Getting Started with DuckLake 1.0: A SQL-Based Data Lake Format

Overview

DuckLake 1.0 introduces a fresh approach to managing data lake metadata. Instead of scattering metadata across numerous files in object storage, it centralizes table metadata in a SQL database—making updates, sorting, and partitioning more efficient. Built as a DuckDB extension, DuckLake integrates seamlessly with existing workflows and offers compatibility with Iceberg-style features.
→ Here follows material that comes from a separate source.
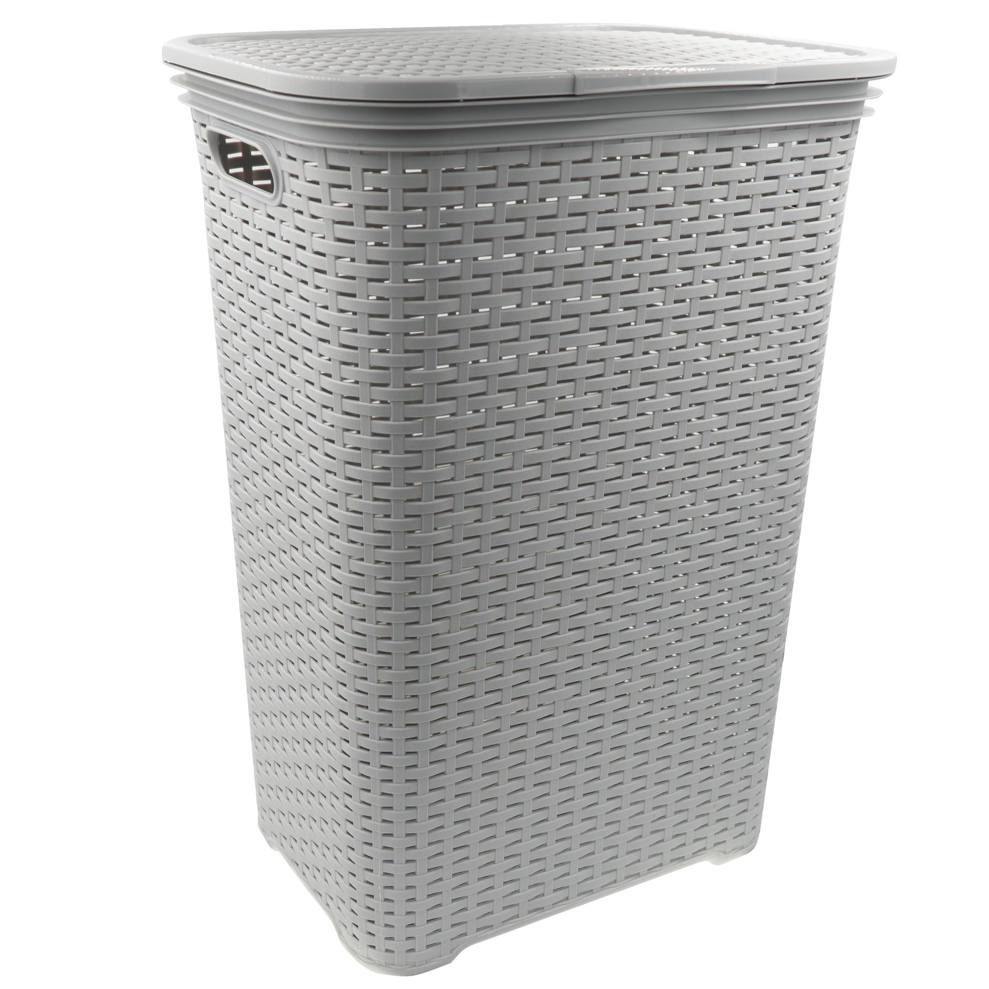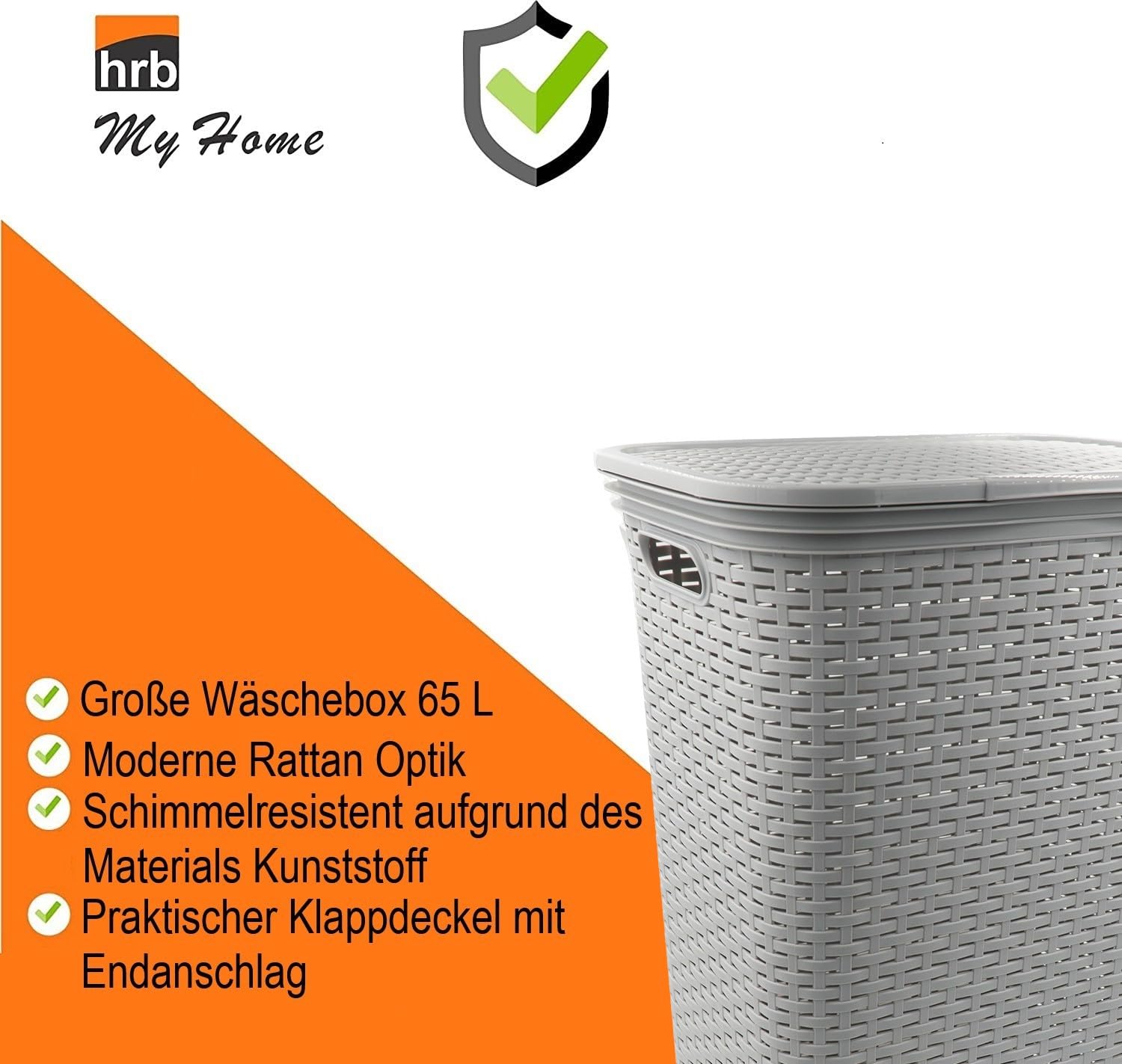 HRB laundry basket with lid made of 65 liters of rattan, plastic laundry storage, laundry sorter (gray)

This guide walks you through its setup, core operations, and common pitfalls.

Getting Started with DuckLake 1.0: A SQL-Based Data Lake Format — Source: www.infoq.com

Prerequisites

DuckDB: Version 0.10.0 or higher (command-line interface or Python binding).
Object Storage: A bucket or directory (e.g., S3, MinIO, local filesystem) for storing parquet files.
SQL Database: For the catalog—DuckDB itself works for local testing; production uses PostgreSQL or MySQL.
DuckLake Extension: Install via INSTALL ducklake; LOAD ducklake;.

Step-by-Step Instructions

1. Install and Load the DuckLake Extension

Open DuckDB and run:

INSTALL ducklake FROM community;
LOAD ducklake;

This registers DuckLake’s functions and types. Verify with SELECT * FROM ducklake_version();

2. Create a DuckLake Catalog

A catalog holds all table metadata. Use CREATE DUCKLAKE CATALOG:

CREATE DUCKLAKE CATALOG my_catalog
  DATABASE 'duckdb'  -- can be 'postgresql' or 'mysql'
  CONNECTION_STRING 'file:///path/to/catalog.db';

-- Switch to the catalog
USE my_catalog;

Tip: For remote databases, use a connection string like postgresql://user:pass@host/db.

3. Create a DuckLake Table

Define a table with partitioning and sorting:

CREATE DUCKLAKE TABLE sales (
    order_id INTEGER,
    amount DECIMAL(10,2),
    order_date DATE,
    region VARCHAR
)
PARTITIONED BY (region)
SORTED BY (order_date);

This creates a logical table. Data is stored as Parquet files in your object storage.

4. Insert Data

Insert directly or from a SELECT:

INSERT INTO sales VALUES
    (1, 150.00, '2025-01-15', 'East'),
    (2, 200.50, '2025-01-16', 'West');

DuckLake automatically writes new Parquet files per partition and updates the catalog.

5. Query the Table

Standard SQL works—DuckLake reads the catalog to locate files:

SELECT region, SUM(amount) AS total_sales
FROM sales
WHERE order_date >= '2025-01-01'
GROUP BY region;

Partition pruning and sorting are applied automatically.

6. Manage Partitions and Small Updates

DuckLake supports incremental updates without rewriting whole partitions. Use MERGE or DELETE:

DELETE FROM sales WHERE order_id = 1;

MERGE INTO sales AS target
USING (VALUES (3, 300.00, '2025-01-20', 'East')) AS src
ON target.order_id = src.column1
WHEN MATCHED THEN UPDATE SET amount = src.column2
WHEN NOT MATCHED THEN INSERT (order_id, amount, order_date, region)
    VALUES (src.column1, src.column2, src.column3, src.column4);

The catalog tracks these small changes efficiently.

7. Iceberg Compatibility

DuckLake can read Iceberg tables if you enable compatibility mode:

SET ducklake_iceberg_compat = true;
SELECT * FROM iceberg_scan('s3://bucket/iceberg_table');

Write support is limited to DuckLake-native tables.

Common Mistakes

Forgetting to load the extension: Always run LOAD ducklake; after installation.
Wrong catalog connection string: Ensure the path or database URL is correct and accessible.
Partition key mismatch: When inserting, include the partition column; missing it causes errors.
Overwriting small files: DuckLake handles small updates, but avoid frequent tiny inserts—compact periodically with OPTIMIZE TABLE sales;.
Ignoring sorting: Define a sort column to speed up range queries; otherwise full scans occur.

Summary

DuckLake 1.0 simplifies data lake management by storing metadata in SQL, enabling faster updates and smarter partitioning. With its DuckDB extension, you get a lightweight yet powerful alternative to Hive or Iceberg for analytical workloads. Start small, tune your partitions, and enjoy seamless SQL-driven data lakes.